Paulo Henrique Colonese, Mariana de Souza Lima, Espaço Ciência Viva.
Parte I: Os Mitos.
- Arco-íris: do encanto à compreensão.
- Arco-íris, chuvas e enchentes na mitologia Yorubá (África).
- Arco-íris, chuvas, nuvens e paixão na mitologia Zulu (África).
- Arco-íris, rios, oceanos e nuvens na mitologia grega (Império Grego).
- Arco-íris, ilha, continente, uma ponte e golfinhos na mitologia Chumash (América do Norte).
- Arco-íris, gelo, gigantes, deuses, cachoeiras e uma ponte na mitologia nórdica (Noruega, Suécia, Dinamarca e Islândia).
- Arco-íris, um rasgo no céu, pedras coloridas e uma deusa poderosa na mitologia chinesa.
- Arco-íris: uma bela índia, um casamento e sete arcos na mitologia Kaxinawá (Brasil).
- Arco-íris: um deus poderoso, um arco e raios na mitologia hindu (Índia).
- Arco-íris: duendes e potes de ouro. (Irlanda).
Os arco-íris são comumente observados em determinadas condições metereológicas bem evidentes. Normalmente, em regiões de chuva, nubladas e também ensolaradas.
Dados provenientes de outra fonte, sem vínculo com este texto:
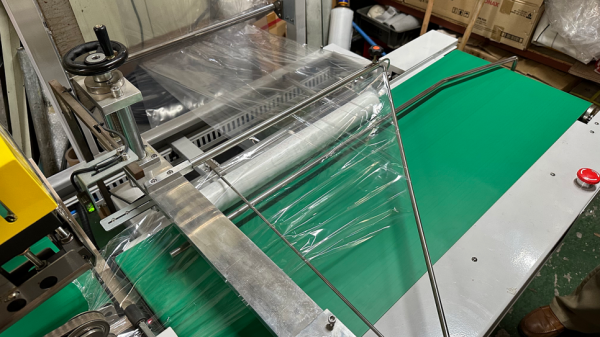 컨베어에 제품이 투입되면 순차적으로 제품이 공급되면서 센서가 제품을 감지해 자동으로 실링, 커팅하게 됩니다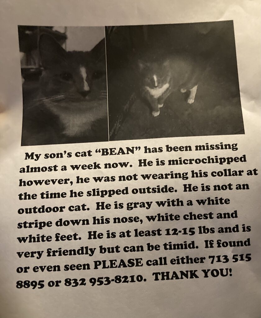 Gray male white stripe down nose white feet white tummy. Missing since 11-4-22. He is microchipped.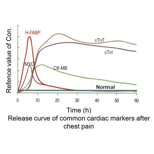 | 2 | Myo | WB/Serum/Plasma | 12min. | 5-400ng/ml | <58ng/ml | acute myocardial infarction (AMI) in early stage. |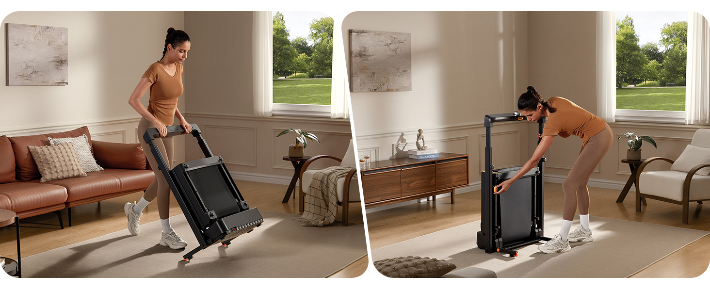 تخزين مدمج ورأسي - على عكس أجهزة المشي التقليدية القابلة للطي، تتميز WalkingPad MX8 بتقنية ثلاثية الطي المتقدمة التي تسمح بالطي على خطوتين مع التخزين العمودي. تعمل أرجل الدعم الممتدة على تعزيز الثبات عند تخزينها في وضع مستقيم، مما يساعد على منع الانقلاب. تشغل مساحة 3 أقدام مربعة فقط عند طيها و9 أقدام مربعة عند فتحها. يعمل هذا الطراز على زيادة الاستفادة من المساحة إلى الحد الأقصى مع الحفاظ على السلامة الهيكلية والأداء الكامل، وهو يكمل بشكل مثالي أنماط الحياة الحديثة المتطورة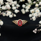 Oval Shape Lab Grown Ruby Solitaire Celtic Knot Ring

Deste modo, é natural que a sua explicação e origem estejam associadas a estes fenômenos climáticos.
Nanã, a mãe do arco-íris
Os Iorubás vivem em grande parte no sudoeste da Nigéria. Havendo também comunidades significativas no Benim, Togo e Gana. Trouxeram para o Brasil uma ampla carga cultural, desenvolvida especialmente no plano religioso que os envolvia.
Ifá, o Orixá da Adivinhação, o Mensageiro do Destino, e aquele que conhece todas as histórias já acontecidas e as que ainda vão acontecer, conta que entre os Iorubás, em tempos imemoriais, vivia a mais velha de todas as mulheres, a mais antiga de todas.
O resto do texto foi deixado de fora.